Shekhar Shashank, Wert Katherine J, Krämer Helmut
Department of Neuroscience, UT Southwestern Medical Center; Dallas, TX.
Department of Ophthalmology, Department of Molecular Biology, UT Southwestern Medical Center; Dallas, TX.
bioRxiv. 2023 Oct 23:2023.10.19.563166. doi: 10.1101/2023.10.19.563166.
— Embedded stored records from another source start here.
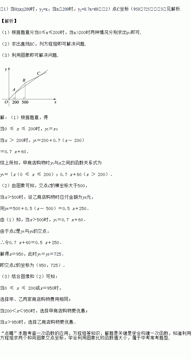 “五一”期间,甲、乙两家商店以同样价格销售相同的商品,两家优惠方案分别为:甲店一次性购物中超过200元后的价格部分打七折;乙店一次性购物中超过500元后的价格部分打五折,设商品原价为x元(x≥0),购物应付金额为y元.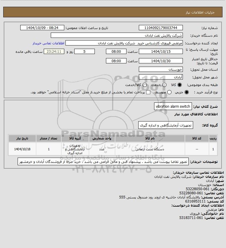 نام دستگاه خریدار:شرکت پالایش نفت ابادان
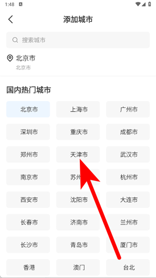 3、進(jìn)入添加城市頁面,點(diǎn)擊天津市。

Loss of hearing or vision has been identified as a significant risk factor for dementia but underlying molecular mechanisms are unknown. In different Drosophila models of blindness, we observe non-autonomous induction of stress granules in the brain and their reversal upon restoration of vision. Stress granules include cytosolic condensates of p62, ATF4 and XRP1. This cytosolic restraint of the ATF4 and XRP1 transcription factors dampens expression of their downstream targets during cellular stress. Cytosolic condensates of p62 and ATF4 were also evident in the thalamus and hippocampus of mouse models of congenital or degenerative blindness. These data indicate conservation of the link between loss of sensory input and dysregulation of stress responses critical for protein quality control in the brain.
听力或视力丧失已被确认为痴呆症的一个重要风险因素,但其潜在的分子机制尚不清楚。在不同的果蝇失明模型中,我们观察到大脑中应激颗粒的非自主性诱导,以及视力恢复后它们的逆转。应激颗粒包括p62、ATF4和XRP1的胞质凝聚物。在细胞应激期间,ATF4和XRP1转录因子的这种胞质抑制会抑制其下游靶点的表达。在先天性或退行性失明小鼠模型的丘脑和海马体中,p62和ATF4的胞质凝聚物也很明显。这些数据表明,感觉输入丧失与大脑中对蛋白质质量控制至关重要的应激反应失调之间的联系具有保守性。